• PROMPT: Taking only the lines of the data below from the line with "c, d,如圖3(b)所示, (i" to the line with "Baibao Box Pocket", ends included, write them out exactly and without pictures.

• DATA:
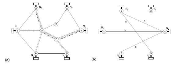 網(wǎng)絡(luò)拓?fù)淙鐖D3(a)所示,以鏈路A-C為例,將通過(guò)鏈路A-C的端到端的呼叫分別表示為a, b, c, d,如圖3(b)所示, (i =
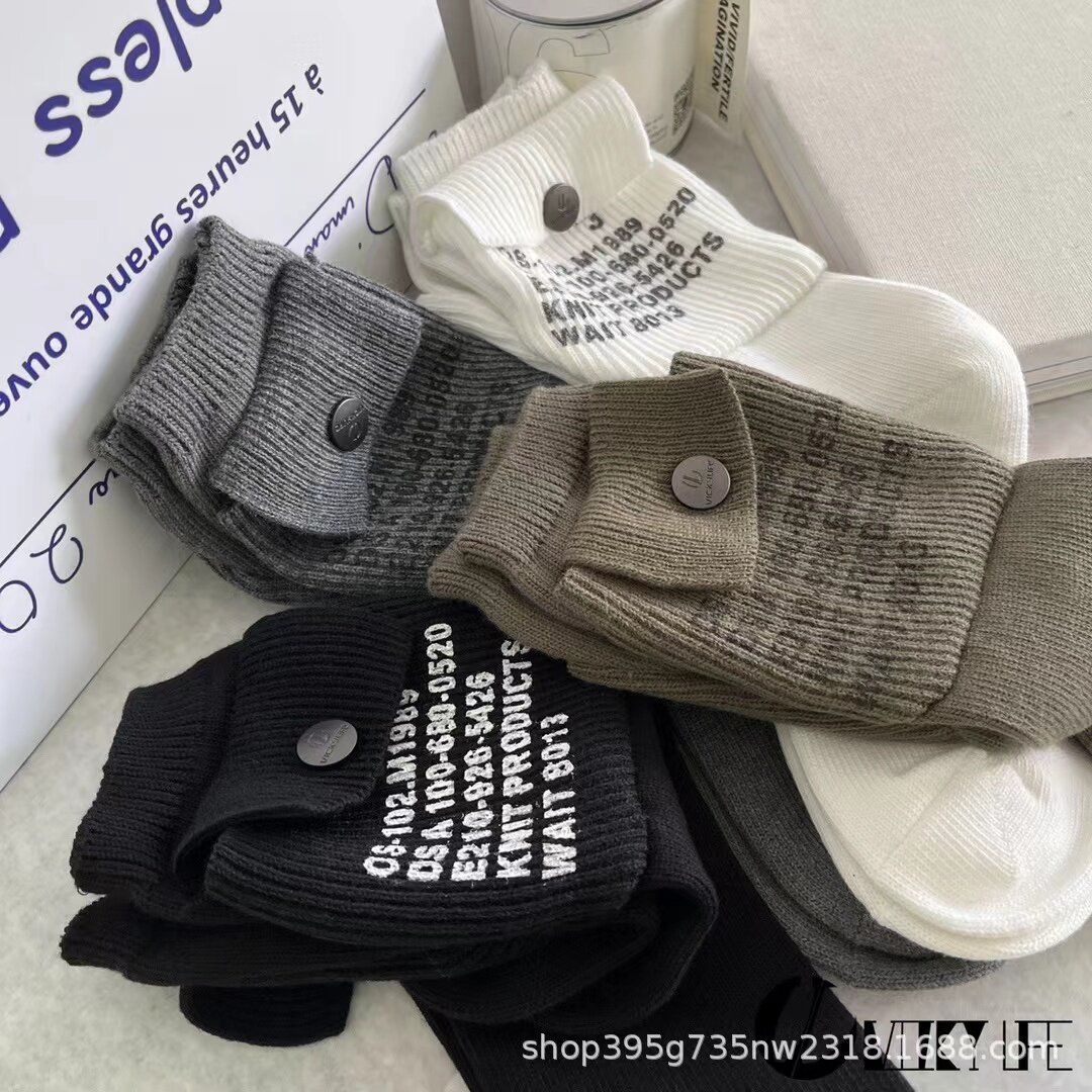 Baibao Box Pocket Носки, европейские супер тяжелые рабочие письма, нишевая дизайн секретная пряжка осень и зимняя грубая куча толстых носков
...
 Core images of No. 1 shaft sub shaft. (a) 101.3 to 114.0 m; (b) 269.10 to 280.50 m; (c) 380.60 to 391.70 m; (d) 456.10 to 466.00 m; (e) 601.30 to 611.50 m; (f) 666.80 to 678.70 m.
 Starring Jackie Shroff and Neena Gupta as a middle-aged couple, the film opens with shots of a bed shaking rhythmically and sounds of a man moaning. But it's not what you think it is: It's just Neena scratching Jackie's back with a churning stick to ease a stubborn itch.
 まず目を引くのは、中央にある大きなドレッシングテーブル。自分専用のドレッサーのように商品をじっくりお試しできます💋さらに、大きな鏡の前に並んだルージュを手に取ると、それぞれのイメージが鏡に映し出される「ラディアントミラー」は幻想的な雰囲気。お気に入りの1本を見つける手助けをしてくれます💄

• OUTPUT BELOW:
 網(wǎng)絡(luò)拓?fù)淙鐖D3(a)所示,以鏈路A-C為例,將通過(guò)鏈路A-C的端到端的呼叫分別表示為a, b, c, d,如圖3(b)所示, (i =
 Baibao Box Pocket Носки, европейские супер тяжелые рабочие письма, нишевая дизайн секретная пряжка осень и зимняя грубая куча толстых носков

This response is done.